Die Stadt, die als Sitz des Landtags der Griechen von Argolis und teilweise von Arkadien unter den Römern
eine glänzende Stellung behauptete, hat bis auf die Gegenwart ihren alten Namen bewahrt. Von den vielen Tempeln des Altertums
und andern Bauwerken ist nur wenig übrig. Unter den Resten zeichnet sich das in den Fels gehauene Theater, das 6000 Zuschauer
fassen konnte, aus. Unweit Argos liegen die Überreste des 1851 wieder ausgegrabenen Horäum,
des Nationalheiligtums von Argolis, und des 1889 bloßgelegten Tempels der Artemis Orthia auf dem Berge Lykone.

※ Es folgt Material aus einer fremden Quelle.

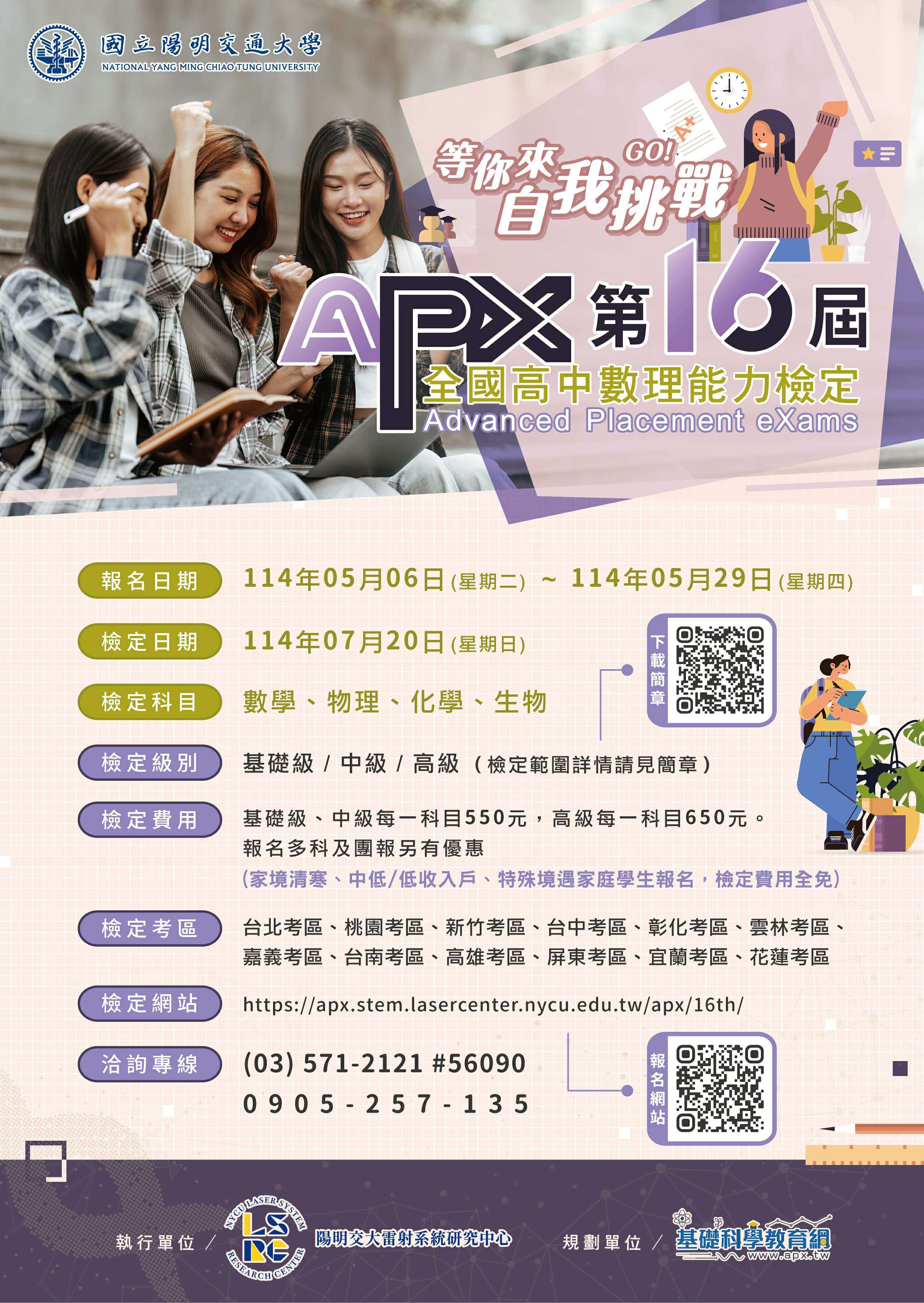 一、檢附APX全國高中數理能力檢定第十六屆報名簡章及海報。
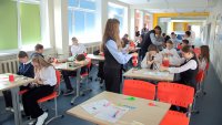 В 176-й школе в Кванториуме пятиклассникам провели мастер-класс по созданию механической игрушки. Уроки подготовили старшеклассники по проекту "Счастье для всех", чтобы развить у школьников инженерное мышление. Мастер-класс по каракури, или принципам бережливого производства, организовали специалисты Электрохимического завода.
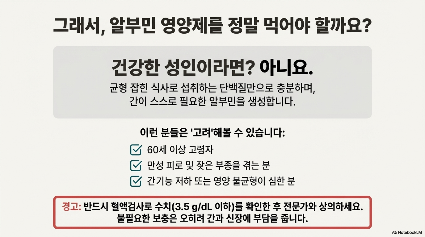 알부민 영양제를 먹기 전에 꼭 혈액검사로 수치를 확인하세요. 건강한 사람에게는 오히려 부담이 될 수 있어요. 무엇보다 균형 잡힌 식사와 간 건강 관리가 가장 중요하답니다!
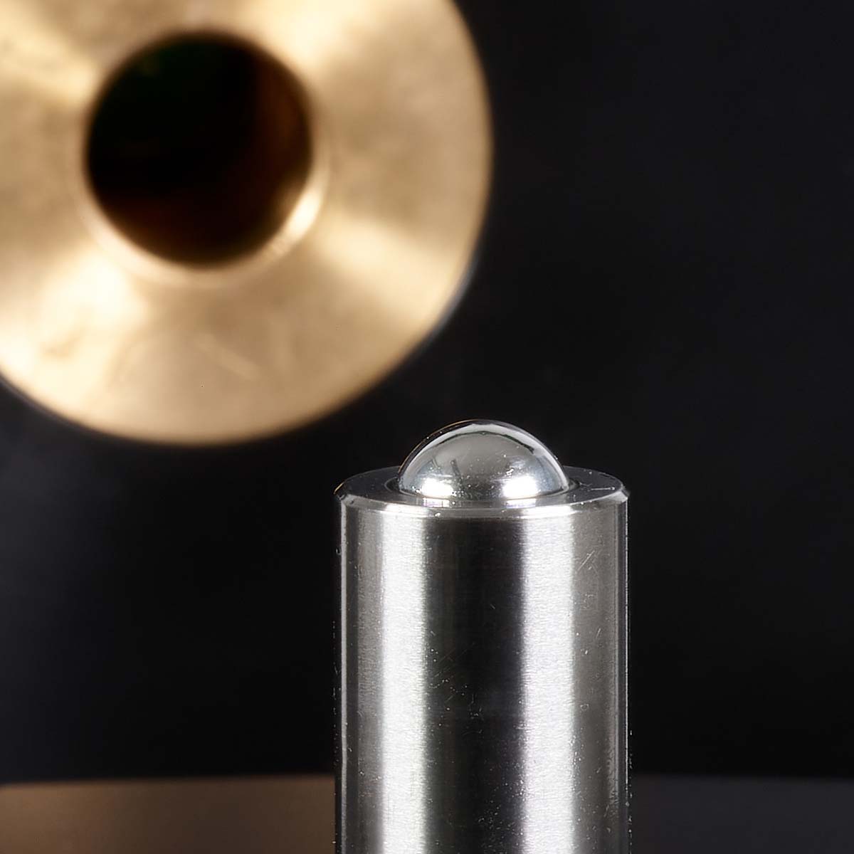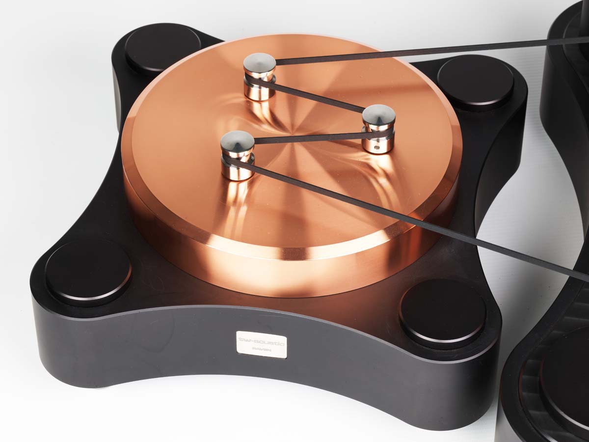 Nachdem ein äußerst unkooperativer Spediteur die 90 Kilogramm schwere Palette vor die Haustür platzierte, gelang es mir mithilfe einer Sackkarre die nicht sehr großen aber umso schwereren Kisten die Treppe hochzuwuchten. Allein 30 Kilo wiegt das aus einer massiven Aluminium-Basis mit einem passgenauen POM-Inlet bestehende Chassis. Das speziell angefertigte Polyoxymethylen wird unter anderem mit Kupferstaub angereichert, um die akustischen Eigenschaften zu optimieren. Die Oberfläche weist eine dezent gestreifte Struktur auf, die dem Laufwerk die monolithische Wuchtigkeit nimmt. Mittels Inbus verschraubte ich die 16 Millimeter durchmessende Tellerachse, in die eine Lagerkugel aus Edelstahl eingepresst ist, mit dem Chassis. Dieses ruht auf vier kegelförmigen höhenverstellbaren Füßen mit abgeflachten, oberflächenschonenden Auflageflächen. Im Inneren bergen sie zwei über eine Stahlfeder verbundene Kugeln, die das Laufwerk von der Stellfläche entkoppeln. Hierdurch wird die Nivellierung erleichtert, da verbleibende Unebenheiten ausgeglichen werden. Das funktionierte ausgezeichnet, und so stand das Fundament des Drehers in kürzester Zeit perfekt ausgerichtet neben seinem kleinen Bruder auf dem Rack. Der beeindruckende, circa 20 Kilogramm schwere Plattenteller besteht aus zwei ineinandergeschobenen, verschraubten und verklebten Elementen aus Kupfer und POM. Das hochpräzise Bronze-Achslager hat wie alle Laufwerke von TW Acustic einen Lagerspiegel aus besonders hartem Kunststoff.
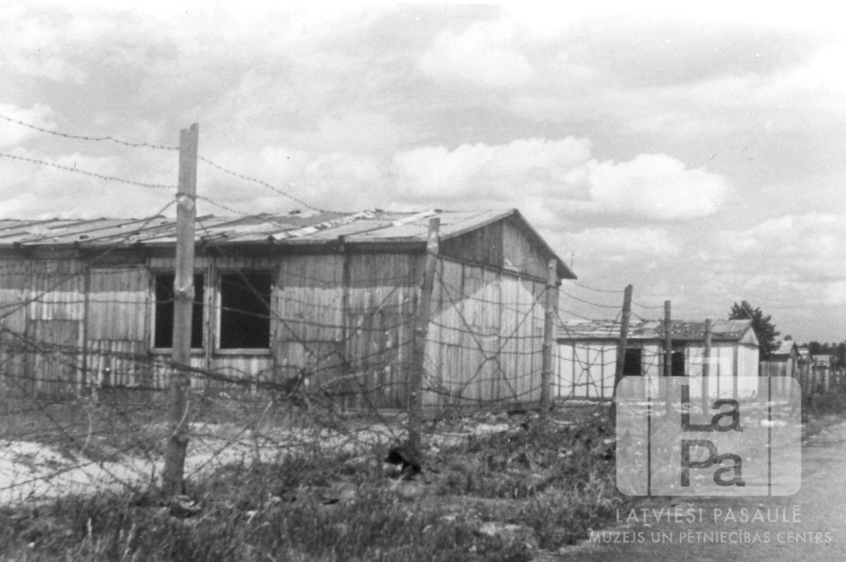Noplukušas vienstāvu koka barakas aiz dzeloņstiepļu žoga Valkas nometnē Nirnbergā (amerikāņu zonā) pirms latviešu ierašanās. Par šo gadījumu Edgars Zariņš jun. atceras: "Šis ir skats, kas sagaidīja latviešu bēgļus daudzās nometnēs."
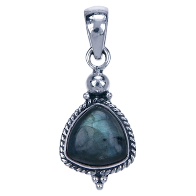 Zeer fraai bewerkte hanger met labradoriet steen. De hanger is vervaardigd van 925 Sterling zilver en is ca. 30 x 13 mm. groot incl. oogje.
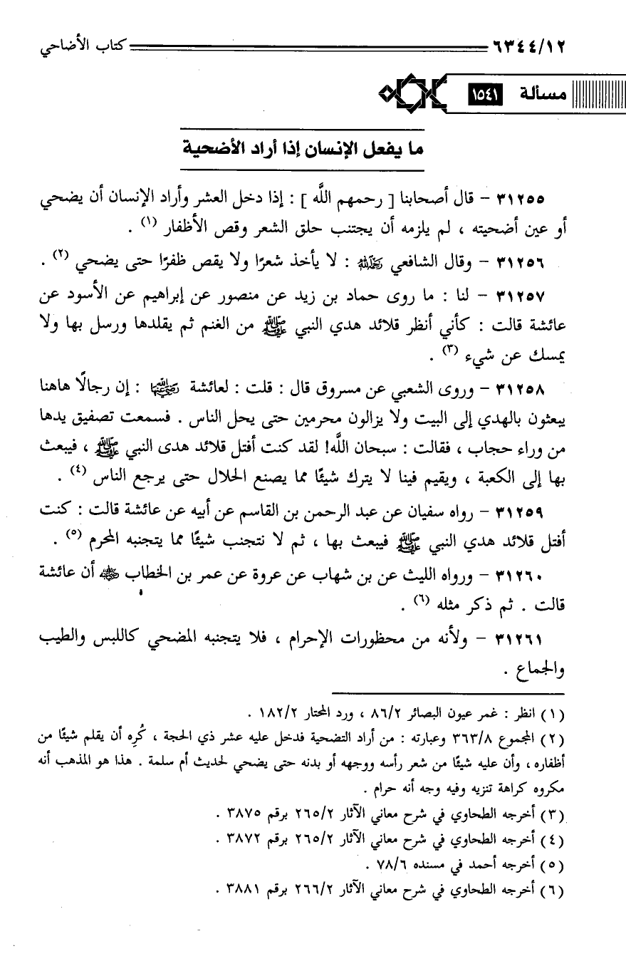 31256 - وقال الشافعي رحمه الله: لا يأخذ شعرًا ولا يقص ظفرًا حتى يضحي.
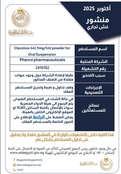وذكرت الهيئة في بيانها أن التشغيلة رقم "2410102" من دواء "Clavimox 642.9mg/5ml powder for Oral Suspension" تبين أنها مقلدة وليست من إنتاج الشركة الأصلية، وذلك بعد ورود إفادة رسمية من الشركة المنتجة تؤكد اكتشاف عبوات مزيفة من نفس الصنف يتم تداولها حاليًا في بعض الأسواق.
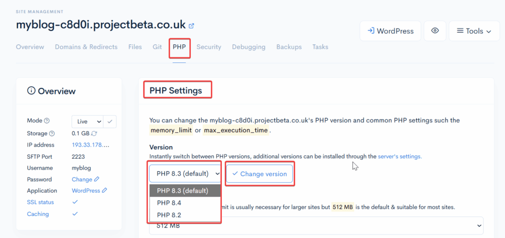 • Once changed, your site will begin using the new PHP version right away.

Der erstgenannte Tempel, 423 v. Chr. zerstört, wurde von Eupolemus als dor. Peripteros wieder aufgebaut und mit dem von Polyklet
gefertigten Kultbilde der Hera geschmückt. Die Stadt, die sich 1202–8 im Besitze von Leo Sguros, 1208–12
in dem der Despoten von Epirus, 1212–1388 in franz., 1388–1463 mit kurzer Unterbrechung und wieder 1686–1715 in venet.
Händen befand, 1463–1686 und wieder 1716–1826 türkisch war, wurde während der griech.
Freiheitskämpfe mehrmals verwüstet (namentlich 1822 und 1831), erholte sich jedoch wieder. – Argos zählt
(1889) 9814 E., ist Hauptort der gleichnamigen Eparchie, Station der Eisendahn Korinth-Argos-Nauplia und Argos-Myli und hat eine
Sammlung von Altertümern, besonders aus dem Horäum. –
Vgl. Schneiderwirth, Geschichte des dorischen Argos (Tl. 1 u. 2, Heiligenst.
1865–66).
(Argus), genannt Panoptes, d. i. der Allsehende, Sohn des Agenor oder Inachos, nach der Sage
ein mit vielen Augen begabter Riese. Er tötete einen gewaltigen Ochsen, der Arkadien verwüstete und erwürgte die Schlange
Echidna (s. d.), später wurde er von der Hera zum Wächter der Io (s. d.) bestellt. Hermes tötete ihn durch einen Steinwurf
oder hieb ihm, nachdem er ihn durch sein Flötenspiel eingeschläfert hatte, den Kopf ab. Hera verwandelte
ihn hierauf in einen Pfau oder schmückte mit seinen Augen den Pfauenschwanz.
Ursprünglich bedeutet Argos mit seinen zahllosen Augen wohl den gestirnten Himmel. Der Mythus ist außer auf Vasen namentlich
auf pompejanischen Wandgemälden dargestellt. A.’ Körper ist dort gewöhnlich ganz mit Augen übersät;
auf ältern Monumenten erscheint er bisweilen janusähnlich mit zwei Gesichtern, wie er denn nach einigen sehr alten Überlieferungen
ein drittes Auge auf dem Nacken hatte. –
Vgl. Max Mayer, Giganten und Titanen (Berl. 1887).
– Argos hieß auch der Erbauer des Schiffs der Argonauten (s. d.).